What might simply Mariners offense seem to be with a revitalized Jesse Winker?

What could Mariners offense look like with a revitalized Jesse Winker?

SEATTLE — What if the outfielder the Mariners have been waiting on, the guy to spark their offense, wasn’t just Mitch Haniger?

What if it’s Jesse Winker? What would that do for the Mariners’ postseason hopes as we head into the final two months of the regular season?

That was a question to ponder on a sun-kissed afternoon at T-Mobile Park on Sunday after Winker’s third-inning grand slam loomed large in the Mariners’ 6-3 victory over the Angels in the series finale.

The Mariners (59-51) will take offense from about anyone these days, especially after splitting a four-game series with the Angels (46-63) before a crowd of 34,837, a series in which runs were often hard to come by.

Winker’s grand slam curled around the foul pole — in the right direction — and he gave a little bit of a lean as he tracked it down the line.

“I had a good feeling about that one,” Winker said.

If Seattle is to reach the postseason for the first time since 2001, it’s going to need contributions up and down the lineup. Haniger came off the injured list in the second game of Saturday’s doubleheader, his first game since April 29.

That should help, as could having Winker get on a roll after a rough start to his tenure with the club. Only once in the first four months of the season has Winter hit above .240 — that was the .277 mark he put up in June, only to follow it with a .177 average in July.

“It’s trying to play winning baseball and do what you can to help the team win, whether it’s a good swing that results in a homer or a groundball that drives in a run,” Winker said. “Whatever you can do to help … that’s what it’s about.”

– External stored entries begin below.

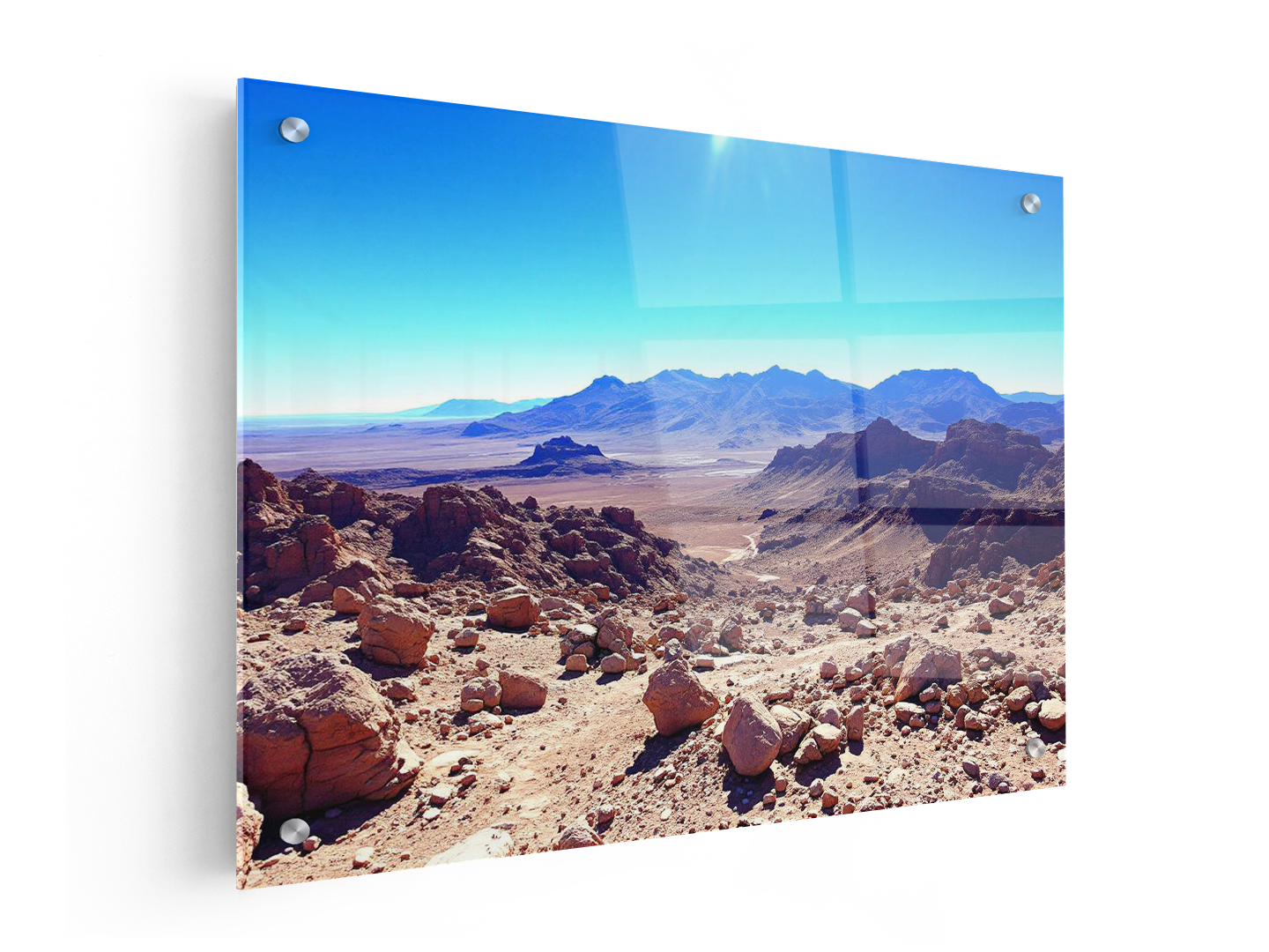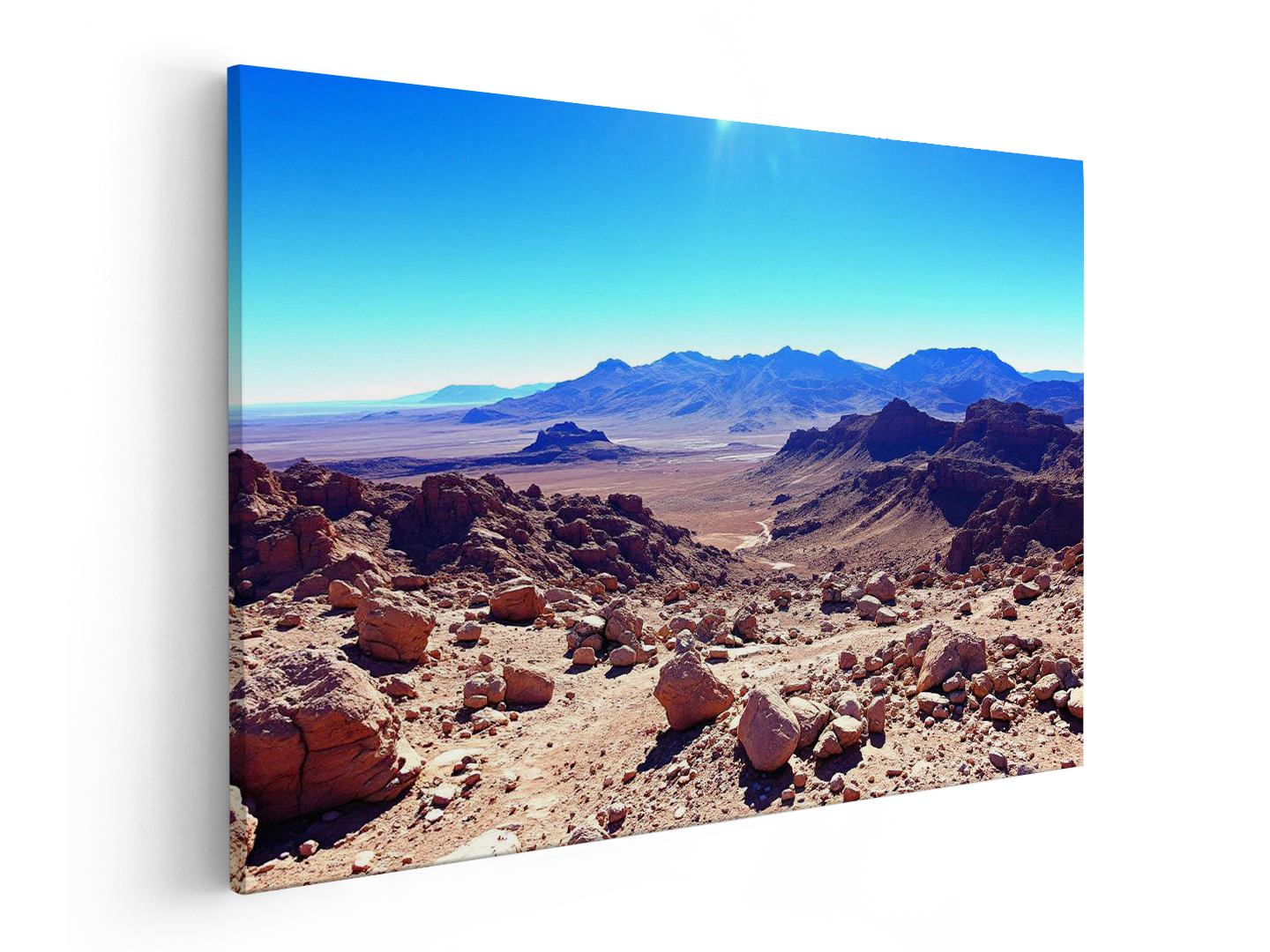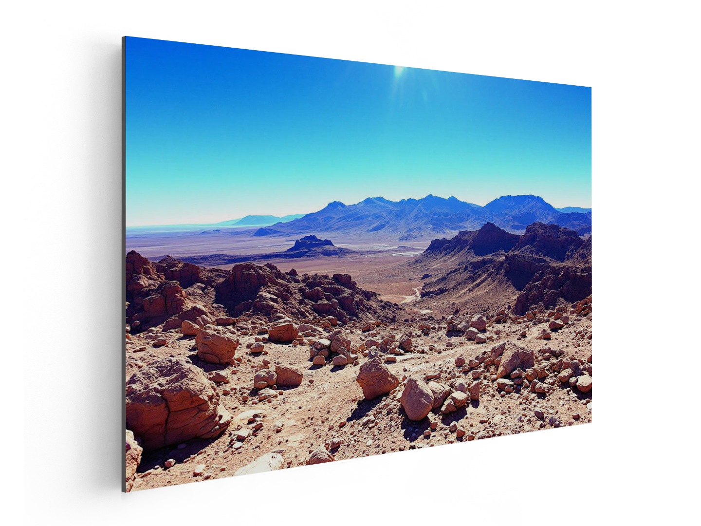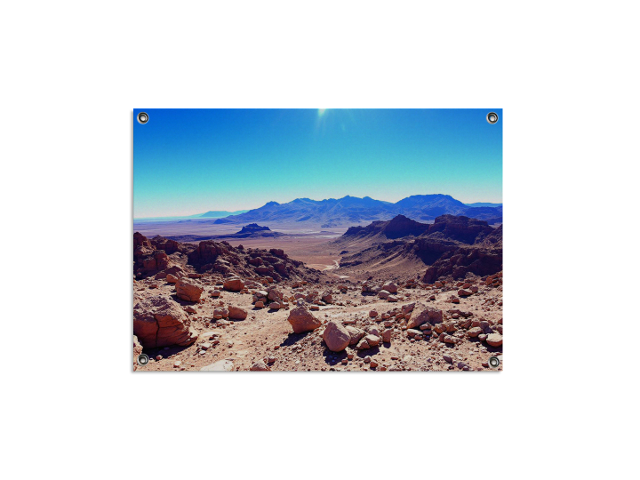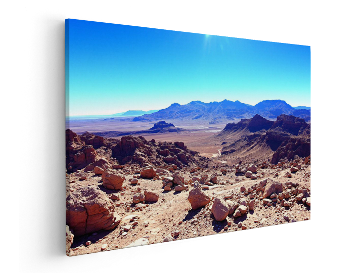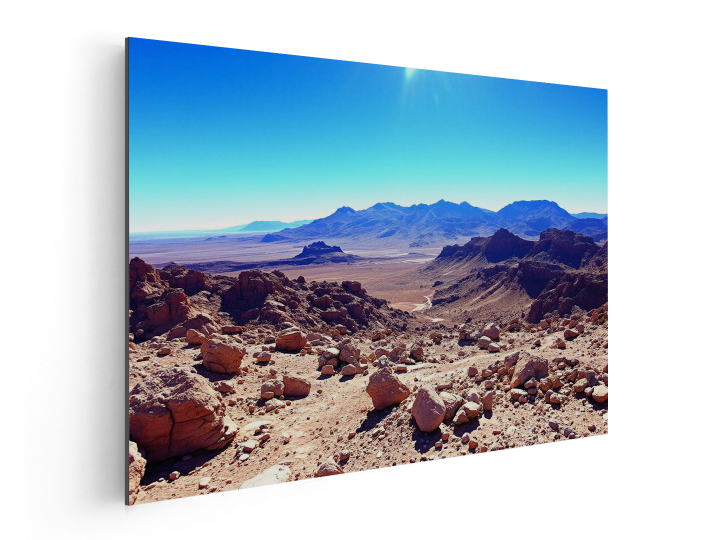 Rotsachtig woestijnlandschap in de Atacama, helderblauwe lucht, extreme helderheid, surrealistische maar realistische uitstraling.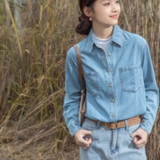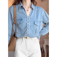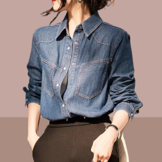 莉之绮简约时尚翻领牛仔衬衫春装新款宽松显瘦单排扣衬衣女230055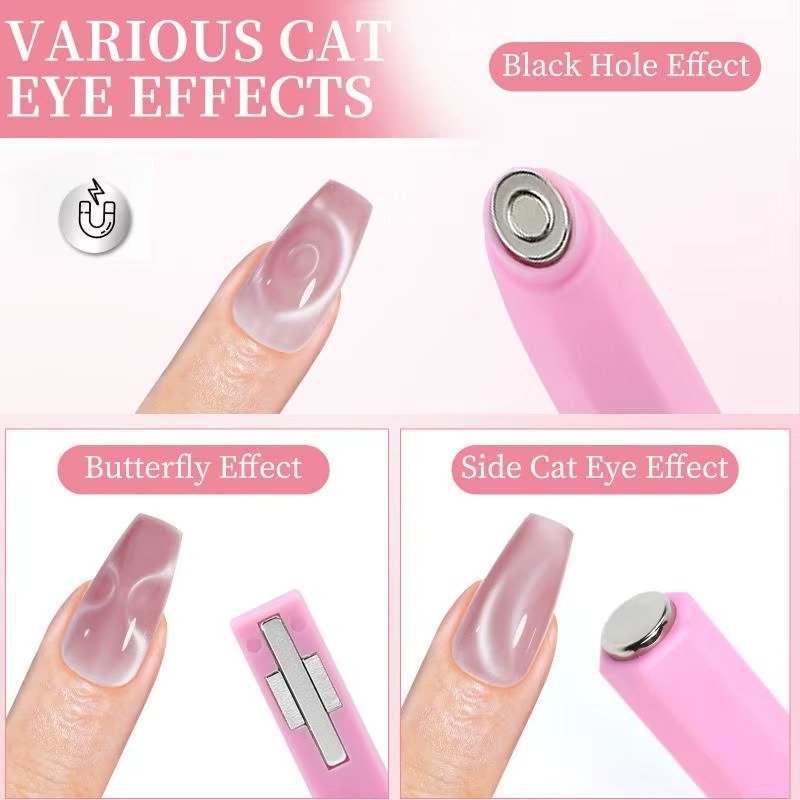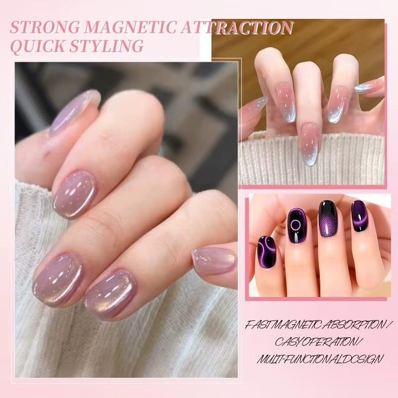 1. متعدد الوظائف: لا يقتصر دور قضيب المغناطيس ذو الرأسين لفن الأظافر على إنشاء تأثير عين القطة الفريد فحسب، بل يمكن استخدامه أيضًا في تصميمات فن الأظافر لتعزيز جمال يديك.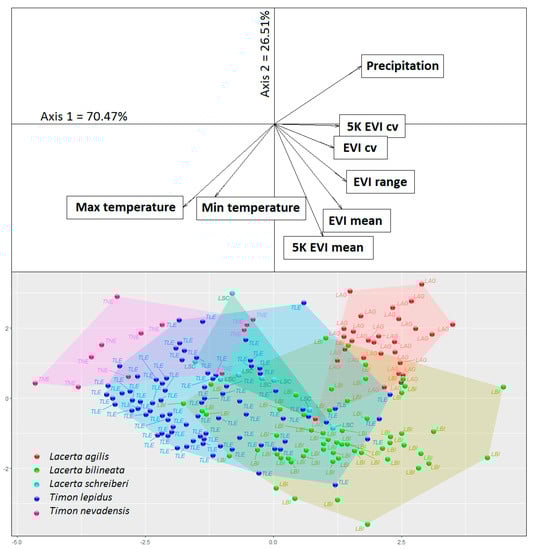 The first two axes of the OMI explained 96.98% of total inertia (axis 1: 70.47%, axis 2: 26.51%). The first axis described a gradient from higher to lower temperature and precipitation and differentiated those species that occur under humid-cold conditions from those that occur under hot-dry conditions (Figure 2). The second axis described a transition between habitats having different vegetation cover, typically distinguishing habitats having a relatively high EVI and a low seasonal coefficient of variation (CV) (e.g., forests) from those having a relatively low EVI and a high seasonal CV (i.e., grasslands/cultivated lands; Figure 2). The genus Timon was separated from the genus Lacerta mainly along the first axis, the former showing a positive association with dry-warm climates (Figure 2). The niche indices indicated that a large part of the variation in the occurrence of species was explained by the environmental variables, with residual tolerance values between 19.2% (L. agilis) to 66.9% (L. schreiberi) (Table 1). In general, the species showed moderate to high distances from the environmental centroid, ranging from 20.2% (L. schreiberi) to 74.4% (L. agilis) (Table 1), which indicated that they occupied confined subspaces within the available environment (Figure 2). The tolerance indices consistently showed moderate to low values, ranging from 22.6% (T. lepidus) to 6.4% (L. agilis) (Table 1), indicating that these species differed in their niche sizes (Figure 2).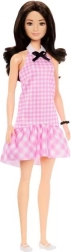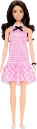 La poupée Barbie Fashionistas propose une interprétation moderne du style rétro inspiré du look Quick Curl de 1973. La robe rose à motif vichy est rehaussée d’un nœud noir au décolleté, de chaussures blanches et d’un bracelet noir – l’ensemble compose une tenue chic pour jouer au quotidien comme pour les grandes occasions.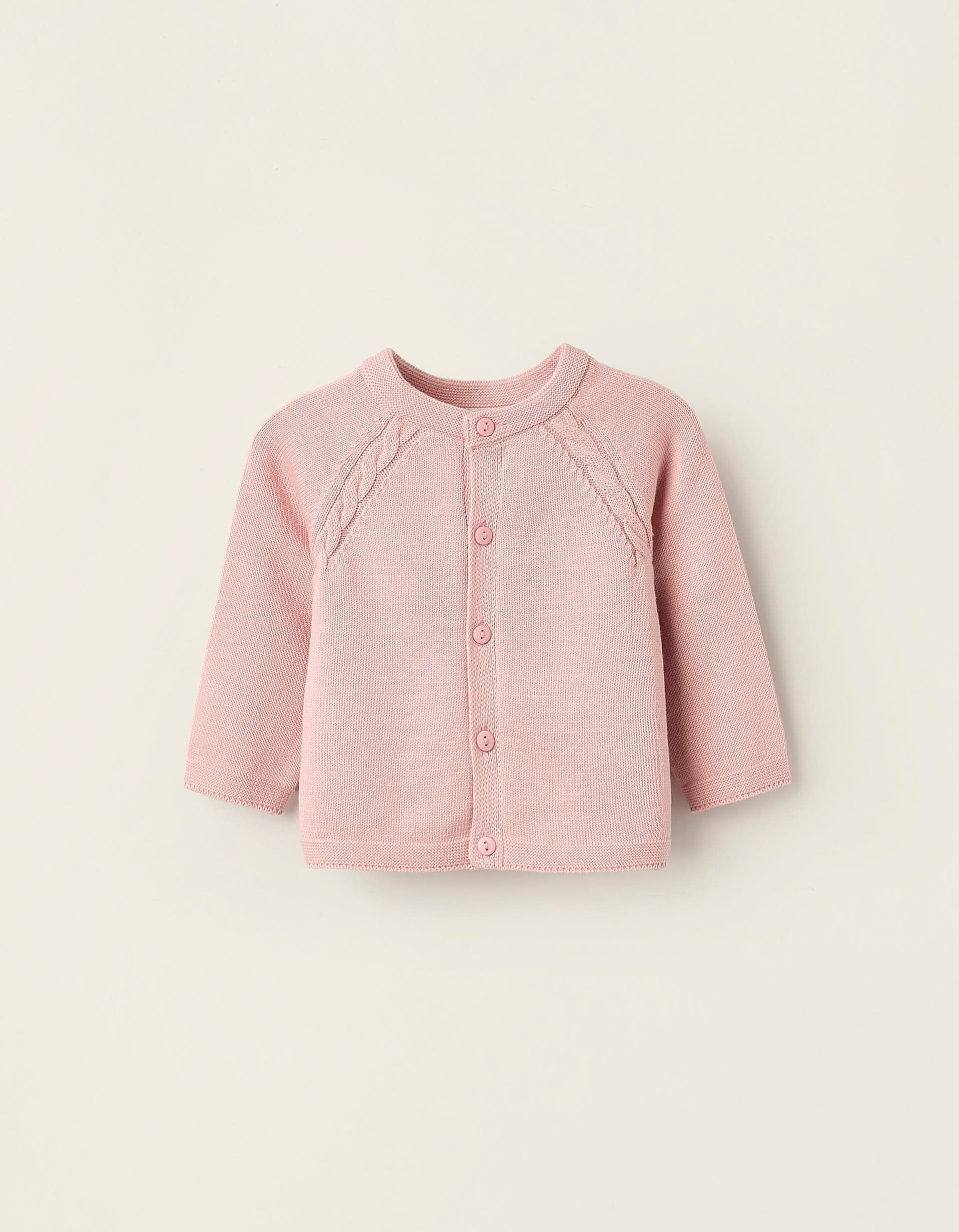 Pink knitted cardigan for newborn girls, 100% cotton. Cable knit details on the front and back. Fastens with buttons. A wardrobe favorite.

Now more than ever, the Mariners need Winker to get hot. Remember, this was a 3.0 WAR player the Mariners got from the Reds in spring training to augment their offense. A player who hit .305 and had a 148 wRC+ with the Reds.

It remains to be seen what follows now, but Winker’s swing gave pitcher Marco Gonzales and the rest of the Mariners a shot in the arm.

“Anytime I can get some runs early in a game is huge,” Gonzales said. “That was awesome to watch.”

On paper, the move to get Winker and third baseman Eugenio Suárez from the Reds for four players looked smart. And, honestly, Suárez had been better defensively in Seattle than anyone thought and swung a productive bat (.231, 18 home runs, 58 RBIs). No complaints there.

But Winker hit .169 in April and never really got on track, other than his success in June. What’s funny — or not funny — is that his walk rate is higher than where it was a year ago, and his strikeout rate is down from 2021. His hard-hit rate has plummeted from the 81st percentile last season to the 13th percentile this season.

“I think early on, I may have been trying to force the issue a little bit,” Winker said. “That was the first time I was traded, not that it’s an excuse. It was the first time I was traded and had an expectation on myself.

“Once I got through that, it’s just (about) playing baseball.”

Are things finally starting to trend in the right direction for Winker? The sample is ridiculously small, but Winker is hitting .313 with two home runs and five RBIs in his first 16 at-bats of August. Overall, he’s hitting .230 this season.

“He gets on base, he walks as much as anyone in our league,” Mariners manager Scott Servais said of Winker, who leads the American League with 64 walks.

“He’s got a really good eye and doesn’t chase (pitches). He’s done well against left-handed pitching this year (.255). His track record didn’t really say that.”